Movie Review: “The Tourist”

The German director of the sublime, subtle and chilling surveillance thriller “The Lives of Others:” might not have been the best choice for tackling the dressy and daft spy romance, “The Tourist.”

But even if Florian Henckel von Donnersmarck lacked the light touch this Johnny Depp/Angelina Jolie thriller required, it’s not his fault it goes off the rails. He shows a deft hand with the movie’s babe, boats, bullets and billions formula. Then the script piles the preposterous on top of the absurd and the film’s thin charms dissipate, revealing the creaking movie star contraption underneath.

Jolie is Elise, “the Target,” a head-turning British bombshell on the lam in Paris, followed by Interpol, tracked by Scotland Yard. She reads a note that puts her on a train to Venice.

“Pick someone my height and build, and make them believe it is me,” the note reads.

That someone turns out to be Frank, a Madison, Wisconsin community college math teacher, played with as much frumpiness as Johnny Depp can muster.
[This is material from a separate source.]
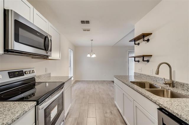 Come view this upgraded and updated stunner is desirable Grand Prairie Texas. Home has just received a long list of improvements and upgrades. The kitchen is new and includes new granite counters and new stainless steel appliances. The luxury vinyl plank is new. The paint is neutral and fresh. The bathrooms have been updated. The light fixtures and plumbing fixtures are new. The house has a fenced back yard. New AC system just installed. Walk to great schools, park and shopping.

Elise sits opposite him and bowls Frank over.

“I’m a mysterious woman on a train,” she purrs. What could her story be?”

That cute meeting gives us clues. And the cops – Paul Bettany is the obsessed inspector tracking an elusive fugitive named Alexander Pearce – let us know that there’s a lot of stolen mob money attached to this fellow, and that he has changed his appearance.

Frank, in the best Hitchcock tradition, is just another dopey American – he repeatedly sputters in Spanish to Italian waiters, clerks and police – in over his head.

There’s a generic Bond villain (Steven Berkoff) chasing the mysterious “Pearce,” and an out-of-place Englishman (Rufus Sewell) who never seems to be far from Frank, whom Elise has lured into her hotel in Venice, sending cops and gangsters into a tizzy. Might Frank by the missing Pearce?

The first gun appears at about the 43 minute mark. The first boat chase comes shortly thereafter. It’s a formula romantic thriller – “North by Northwest” with canals. As long as you realize no harm can come to our potential lovers, you can sit back and enjoy the opulence, the conspicuous consumption and the scenery.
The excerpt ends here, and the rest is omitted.